Cholesterol can accumulate in the carotid arteries and other vital blood vessels for several reasons. People with family histories of heart disease and carotid stenosis are at risk because genetics is a major factor. Smoking, eating fatty foods, and not getting enough exercise can raise cholesterol to dangerous levels as well. High blood pressure, obesity, diabetes, and congenital heart or blood disorders also increase the chances of developing carotid stenosis.
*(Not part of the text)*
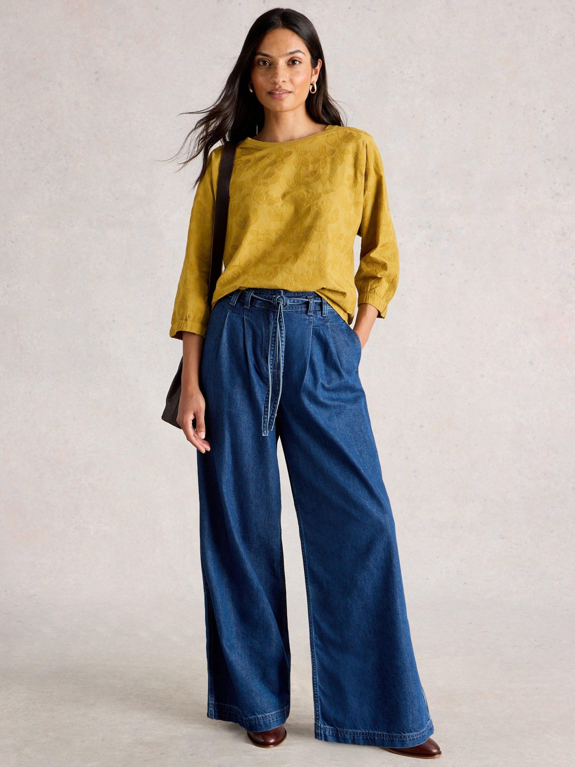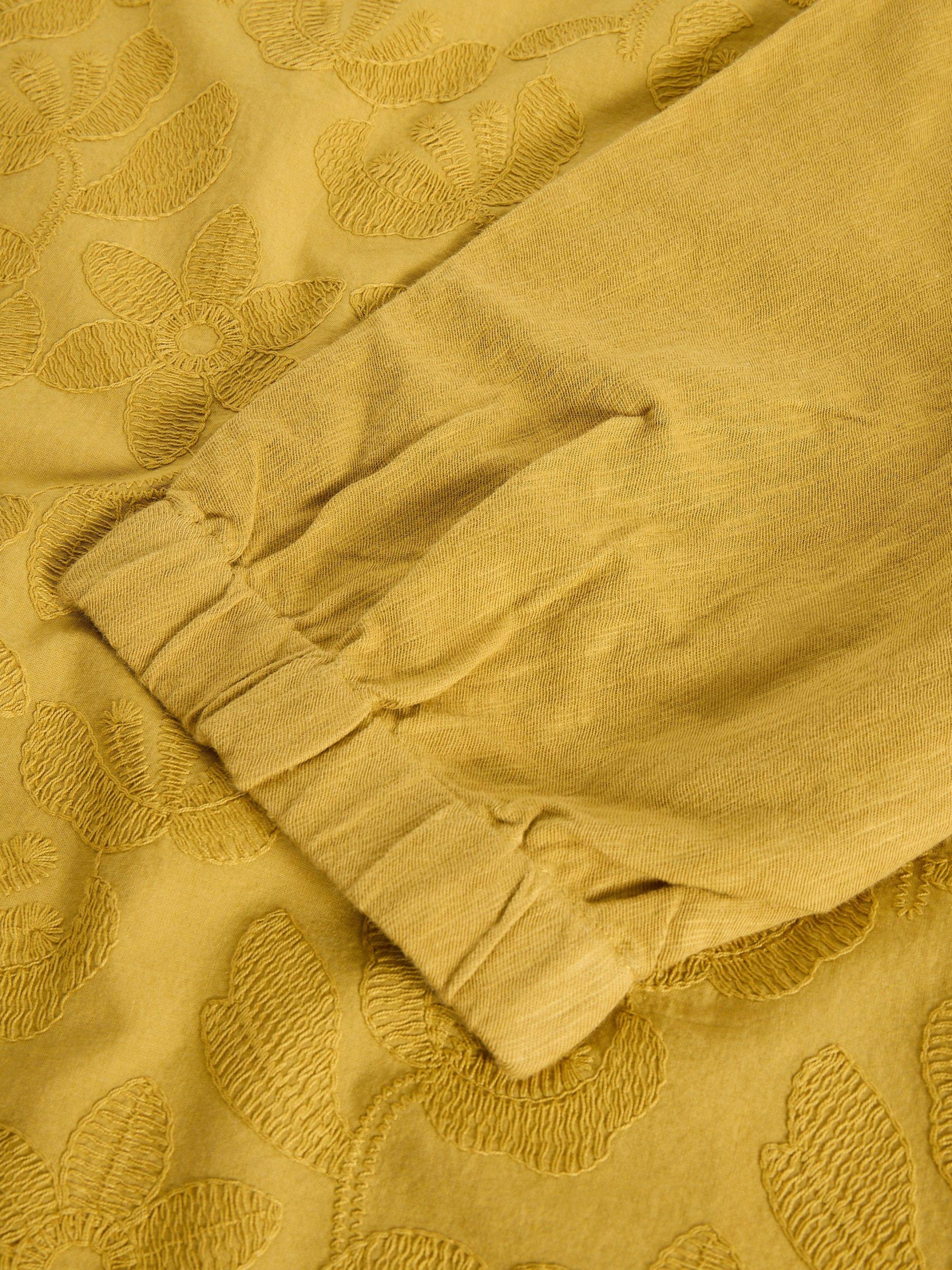 Soft, fluttery and embroidered with little flowers. This top blooms year-round.

The condition rarely causes symptoms in its early stages, and thus often goes undiagnosed until complications such as stroke arise. A stroke can occur because a carotid artery becomes so narrow that little or no blood can pass through. It is also possible for a piece of plaque to break away from the wall and lodge itself into a smaller blood vessel further up the neck, resulting in a complete blockage. If a stroke does occur, a person may experience tingling sensations or weakness on one side of the face and body, mental confusion, vision or speaking problems, and a painful headache. It is important to seek immediate medical care for a person if he or she shows signs of an impending stroke.

A doctor may be able to detect carotid stenosis in its early stages during a routine physical exam. Using a stethoscope, a physician can listen to the sounds made as blood passes through the carotid arteries. Any pauses or unusual noises that are discovered indicate that further tests are needed. In order to confirm carotid stenosis, the doctor may take ultrasounds of the arteries or specialized x-rays called angiographs to trace the flow of blood in the neck.

Early-stage stenosis can usually be cured with lifestyle changes and medications. Patients are advised to quit smoking, start exercising more, and watch their diets carefully. A person may also be instructed to take low-dose aspirin daily to thin the blood and reduce the chances of clotting in the narrow arteries. Some patients also are prescribed drugs to reduce cholesterol levels and promote better blood flow.

A very serious case of carotid stenosis usually requires surgery. A surgeon may choose to place a mesh stent in the artery to expand the walls and hold the vessel open. Another option involves cutting the artery open, manually removing the plaque, and stitching it back together. Lifestyle changes and regular medical checkups are important after either procedure to make sure problems do not return.